Luxor security guard Scott Casey testified he was in the parking garage of the hotel-casino when he heard a "loud boom" and felt vibrations from the level above him on May 7, 2007, the night 24-year-old Willebaldo Dorantes Antonio, a Nathan's Hotdogs employee, was killed by a bomb.

Porfirio Duarte-Herrera and Omar Rueda-Denvers have pleaded not guilty to charges of attempted murder with use of a deadly weapon, malicious destruction of private property, possession of an explosive or incendiary device during the commission of a felony, murder with use of a deadly weapon, manufacture and/or possession of an explosive or incendiary device and possession of a component of an explosive device.

Prosecutors allege Duarte-Herrera built a pipe bomb that killed Dorantes Antonio because the man was dating Rueda-Denvers' ex-girlfriend.

In opening statements Friday in Clark County District Court, prosecutors played surveillance video to illustrate for the jury how they say the events transpired. Deputy District Attorney David Stanton narrated as a car he said was driven by Rueda-Denvers, with Duarte-Herrera as a passenger, drove to the top of the parking garage. Stanton said the men were searching for Dorantes Antonio's vehicle. The men later returned to place the bomb on the roof of Dorantes Antonio's car, on the driver's side, he said.

As the couple reached the car, Dorantes Antonio went to the driver's side while Caren Chali, Dorantes Antonio's girlfriend, went to the passenger's side. Before he opened the door, he moved a Styrofoam coffee cup sitting on the roof, prosecutors said.

As he moved the cup, a motion-activated homemade pipe bomb inside detonated. Dorantes Antonio died from a piece of metal that lodged in his brain. His right hand was blown off. Chali wasn't injured.

"It was an extremely powerful bomb ... designed for one sole purpose, and that was to kill," Stanton told the jury.

As Stanton explained the events to the jury of 13 women and one man, including two alternates, he held a coffee cup in his hand. As he told them how the bomb was disguised, he pointed out that they probably hadn't noticed he had picked up the cup because it was such a common object.

That's a notion Rueda-Denvers' attorney, Christopher Orem, latched onto as well.

He said his client told police that he and Duarte-Herrera had been watching Dorantes Antonio's vehicle at the Luxor, and although he had told police that Duarte-Herrera had at one point exited the vehicle, he didn't know the other man had a bomb. He never noticed a coffee cup, Orem said.

Rueda-Denvers told police he was "obsessed" with Chali and had been following her to and from work, Stanton said. Orem said Rueda-Denvers had been trailing Chali in an effort to locate his daughter, who he hadn't seen in months.

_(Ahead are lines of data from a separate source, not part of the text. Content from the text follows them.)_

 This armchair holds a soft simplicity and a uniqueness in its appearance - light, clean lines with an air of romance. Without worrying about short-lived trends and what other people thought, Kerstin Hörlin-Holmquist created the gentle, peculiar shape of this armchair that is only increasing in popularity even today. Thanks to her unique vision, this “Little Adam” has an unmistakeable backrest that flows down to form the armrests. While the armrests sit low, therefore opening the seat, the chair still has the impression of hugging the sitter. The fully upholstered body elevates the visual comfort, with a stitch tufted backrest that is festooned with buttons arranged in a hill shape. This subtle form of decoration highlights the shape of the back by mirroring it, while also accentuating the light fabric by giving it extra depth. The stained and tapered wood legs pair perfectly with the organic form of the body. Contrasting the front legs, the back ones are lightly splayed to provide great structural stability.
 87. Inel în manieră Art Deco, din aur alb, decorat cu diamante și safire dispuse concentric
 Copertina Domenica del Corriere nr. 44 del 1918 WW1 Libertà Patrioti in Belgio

Stanton called Chali "a key eyewitness." She had previously given a videotaped deposition that will be presented to the jury. Stanton said she had since faced deportation proceedings and is unable to testify in-person.

Both defendants have given detailed statements to police about the night Dorantes Antonio was killed. Although the men are being tried together, the jury will reach independent verdicts as to each man's guilt or innocence.

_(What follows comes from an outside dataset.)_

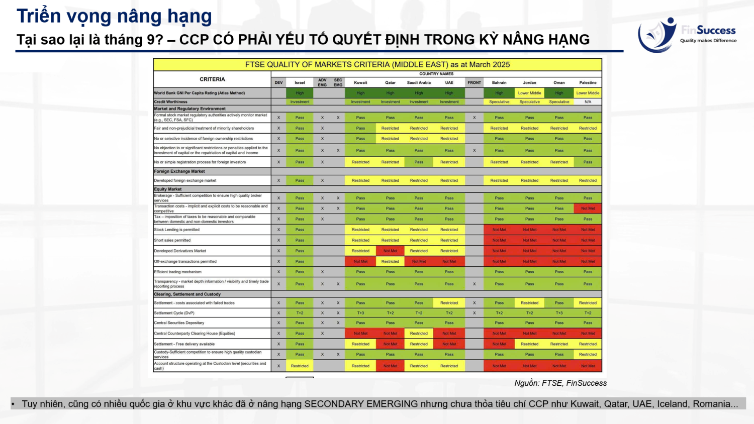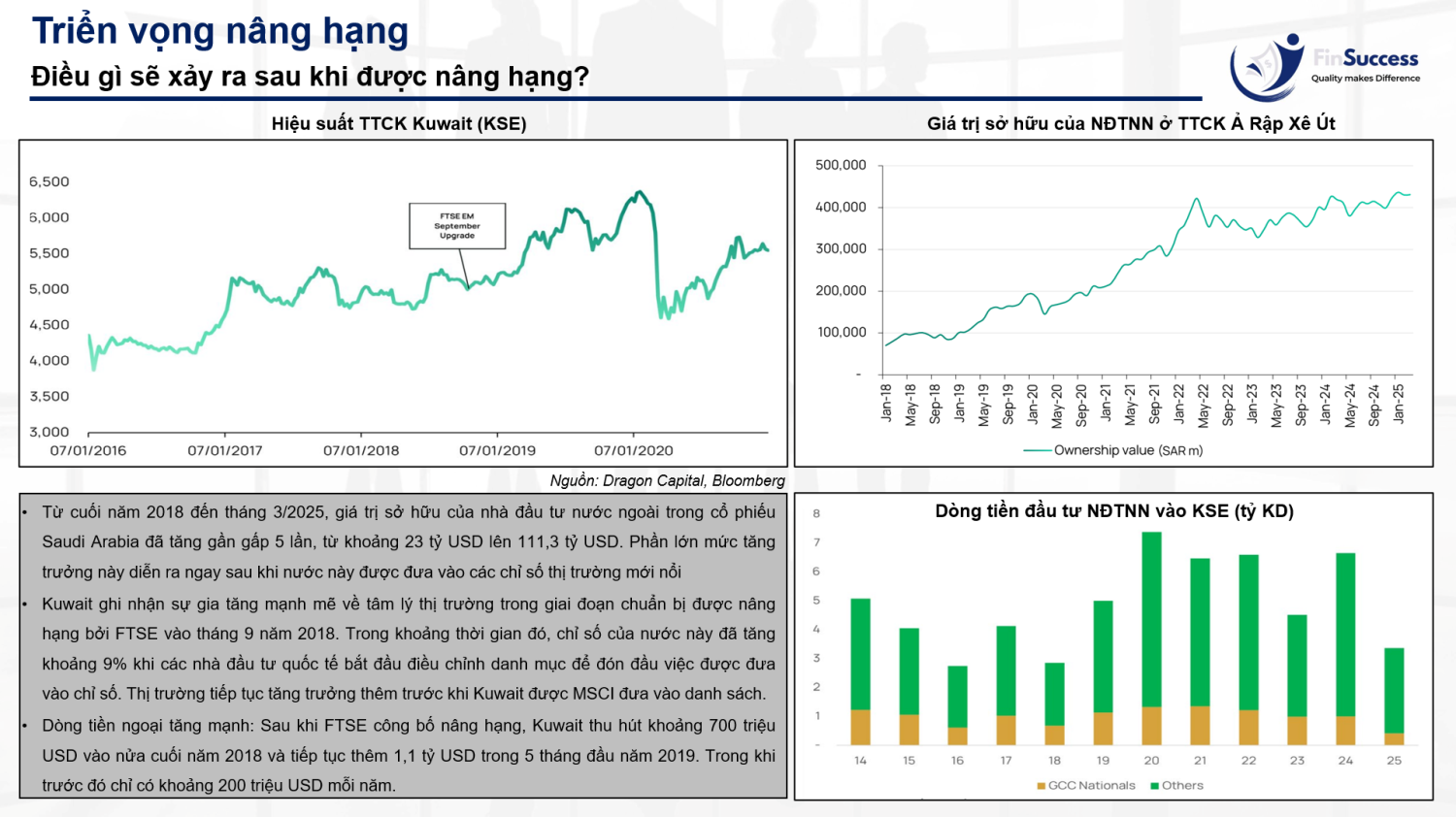 Từ cuối năm 2018 đến tháng 3/2025, giá trị sở hữu của nhà đầu tư nước ngoài trong cổ phiếu Saudi Arabia đã tăng gần gấp 5 lần, từ khoảng 23 tỷ USD lên 111,3 tỷ USD. Phần lớn mức tăng trưởng này diễn ra ngay sau khi nước này được đưa vào các chỉ số thị trường mới nổi Kuwait ghi nhận sự gia tăng mạnh mẽ về tâm lý thị trường trong giai đoạn chuẩn bị được nâng hạng bởi FTSE vào tháng 9 năm 2018. Trong khoảng thời gian đó, chỉ số của nước này đã tăng khoảng 9% khi các nhà đầu tư quốc tế bắt đầu điều chỉnh danh mục để đón đầu việc được đưa vào chỉ số. Thị trường tiếp tục tăng trưởng thêm trước khi Kuwait được MSCI đưa vào danh sách. Dòng tiền ngoại tăng mạnh: Sau khi FTSE công bố nâng hạng, Kuwait thu hút khoảng 700 triệu USD vào nửa cuối năm 2018 và tiếp tục thêm 1,1 tỷ USD trong 5 tháng đầu năm 2019. Trong khi trước đó chỉ có khoảng 200 triệu USD mỗi năm.

Charles Cano, a deputy special public defender representing Duarte-Herrera, claims Rueda-Denvers is the only person charged in the case who has a motive.

"This case revolves around one man -- Omar Rueda-Denvers," he told the jury in his opening statements.

He pointed out that the true identity of Rueda-Denvers is still unclear, and he has at least five aliases. Chali has told police that the two met in their native Guatemala, where they had a child and he was known to her as Alexander Perez. She told police she followed him to Panama, where they worked in a cleaning business for a businessman named "Omar Rueda-Denvers."

After coming to the United States, he became known to others by that name, Cano said.

Rueda-Denvers had called off the relationship 15 days after she followed him to the United States because of a new woman in his life, Chali told police.